Ayudé a Gaby a quitarse la ropa, pues no se mantenía en pie. Volví a encontrarme con el sol de su ombligo, con aquel recuerdo, con aquellas ganas de sentir su piel frotando la mía. Me costaba contenerme, la podía tener, lo sabía, pero no quería acostarme con ella en esas circunstancias. Estaba borracha, desprotegida, era mejor meterla en la cama y dejar que el alcohol de su sangre se redujera lentamente con el sueño. Volví al sofá, cogí una manta, e intenté dormir lo mejor que pude, aquello no era un mueble para el disfrute, era un potro de tortura. Aun así, conseguí conciliar el sueño.
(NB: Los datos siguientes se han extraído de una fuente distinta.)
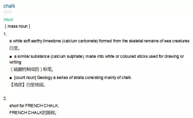 “白垩”就是 chalk(白色柔软泥土似的石灰岩,由古老海洋生物的骨骼残骸形成,成分是碳酸钙 calcium carbonate),chalk 另外一个意思大家会比较熟悉——粉笔(不过粉笔的成分是硫酸钙 calcium sulphate)。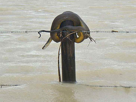 Even the snakes are trying to find some high ground!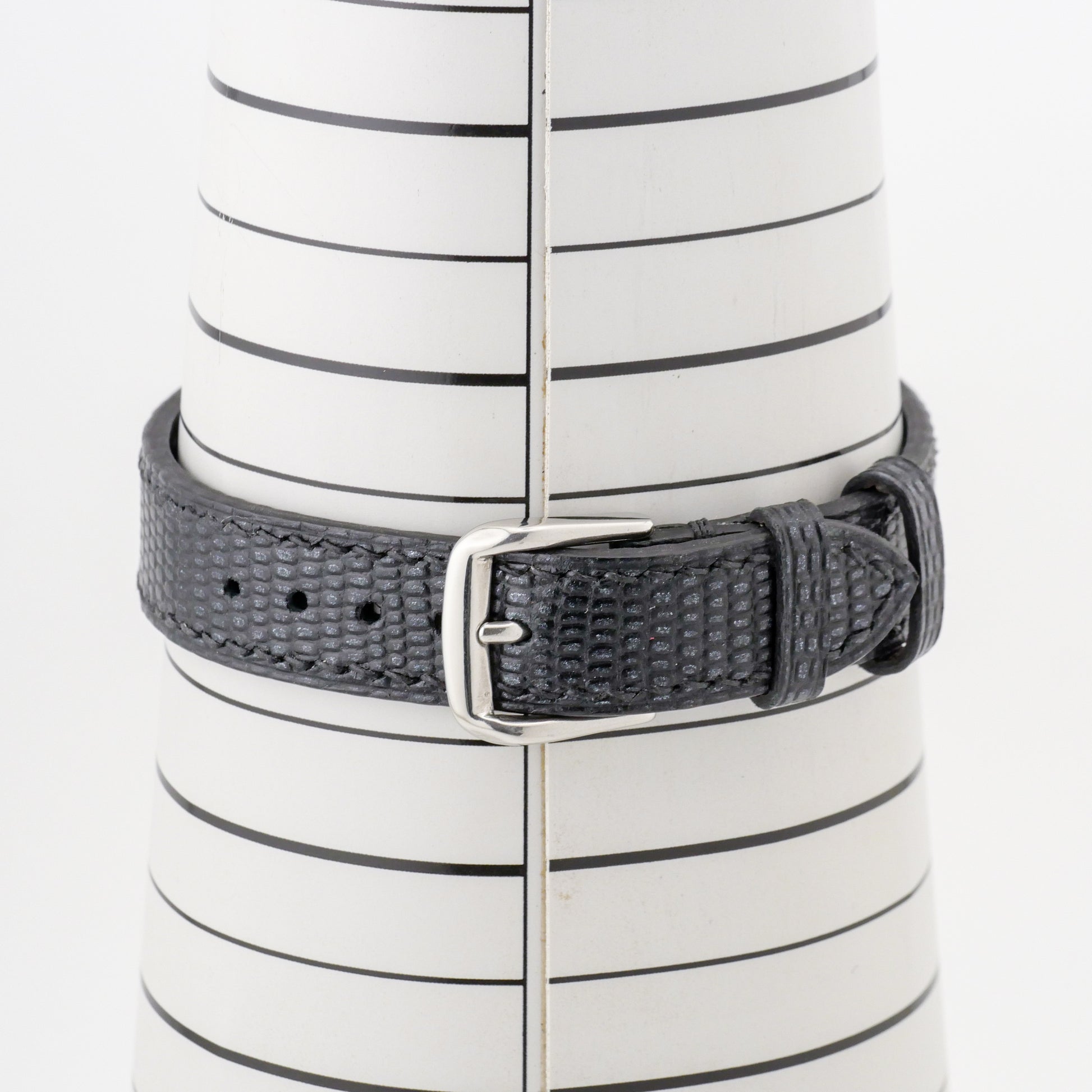 - Two subsidiary dials: running seconds at 9 o'clock, 30-minute totalizer at 3 o'clock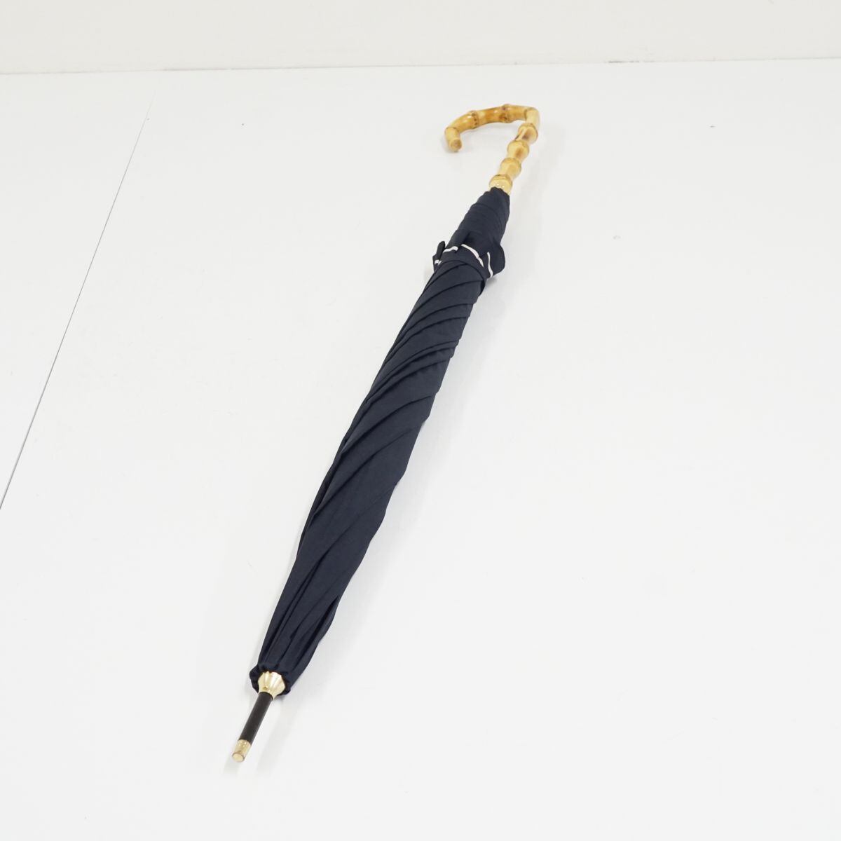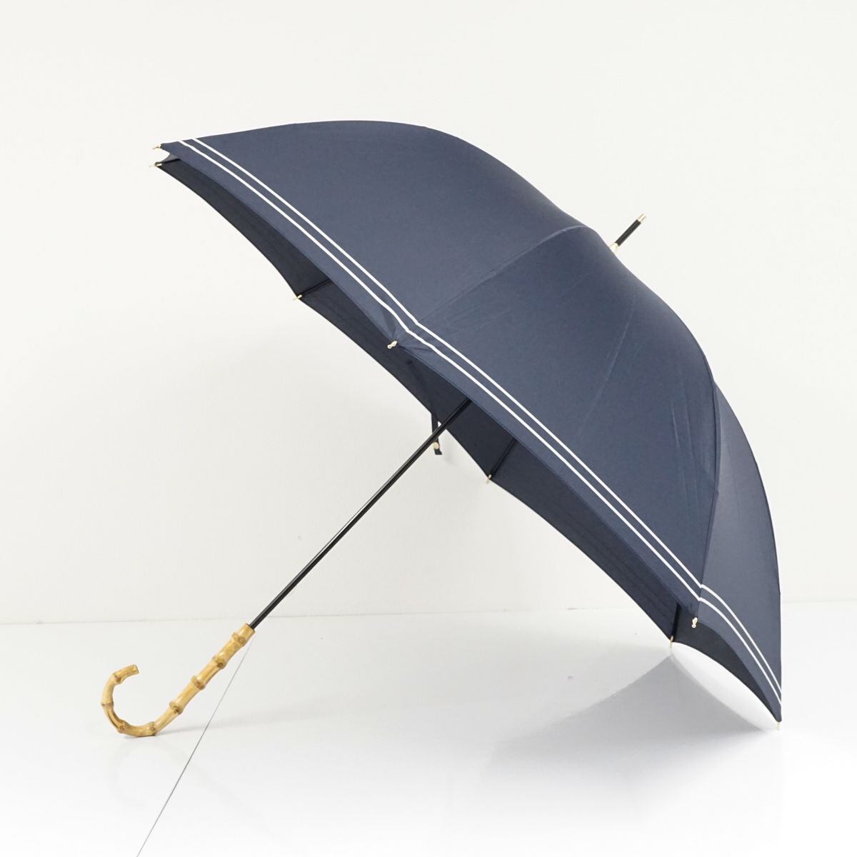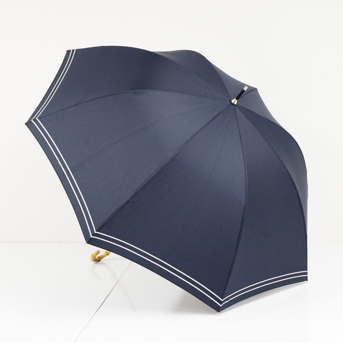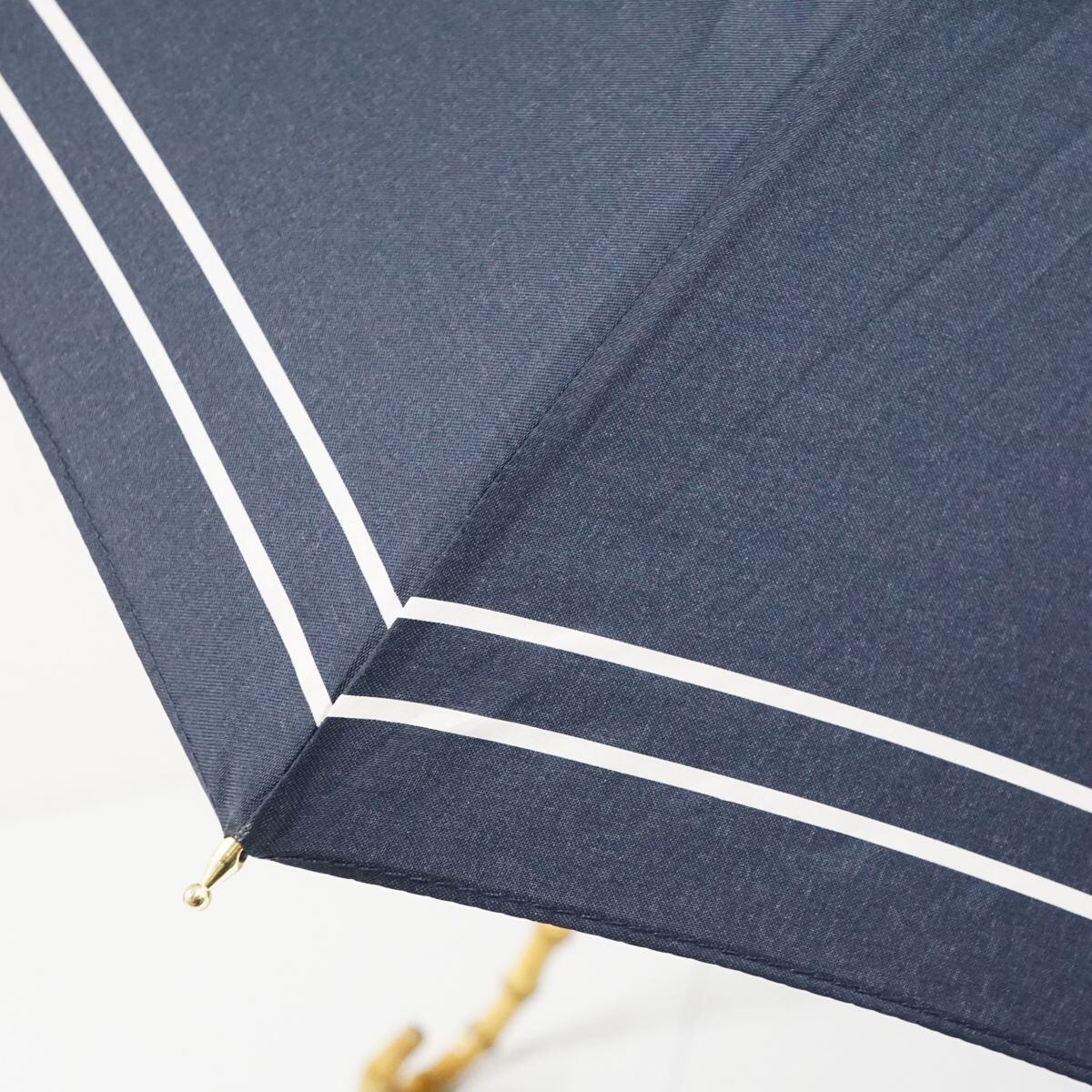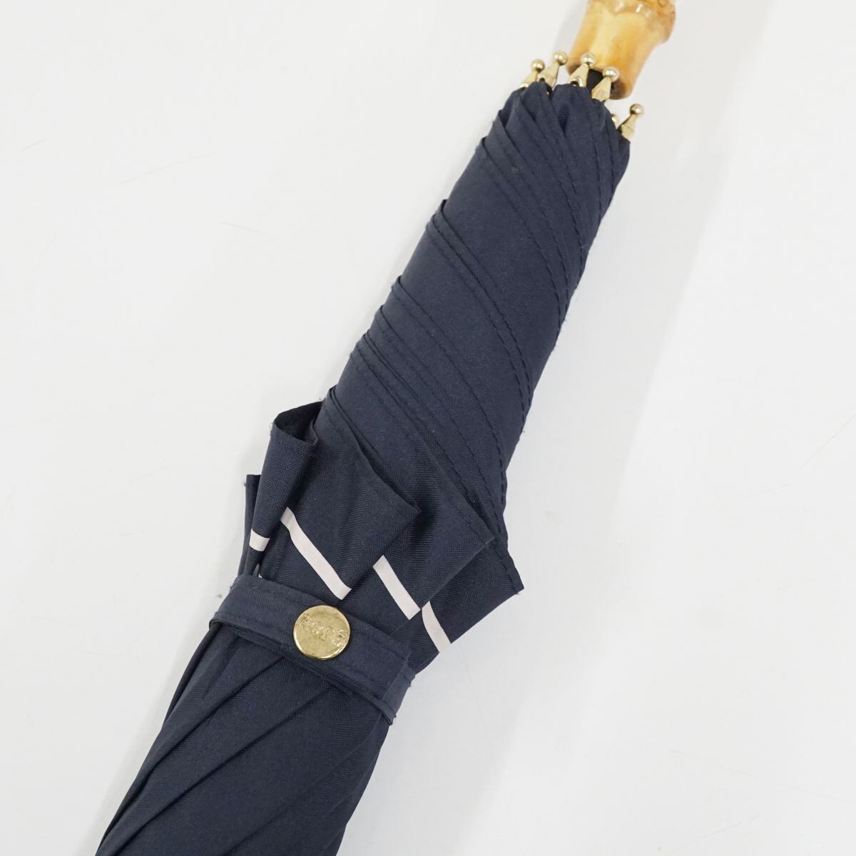 傘 ROPE ロペ USED美品 セーラーボーダー ネイビー ライン入り シンプル 寒竹手元 細巻き 58cm KR A0493

Me despertaron unos labios. Mis ojos intentaban abrirse, pero algo me impedía la visión, era una cara, alguien me estaba besando, acariciando, jadeándome al oído. Era temprano, o tarde, no lo sé, pero estaba tan cansada que no era capaz de ubicarme espacio-temporalmente.

–          Buenos días.

–          Gaby, ¿qué haces?

–          Anoche me quedé con ganas de ti –dijo mientras metía su mano bajo el pantalón de mi pijama.

–          Para.

–          No. Te quiero. Soy una idiota que está enamorada de la tía más hija de puta que conozco, pero no puedo evitarlo. Además, desde el accidente, tu mirada me dice otra cosa, me muestra que algo ha cambiado, no sé si es la amnesia o tú, pero me encanta. Vamos a la cama, quiero desayunarte a ti.

Podía haber evitado que aquello pasara, pero, ¿quién es capaz de resistirse a los encantos de una mujer desnuda contoneándose sobre su cuerpo? Yo, desde luego, no.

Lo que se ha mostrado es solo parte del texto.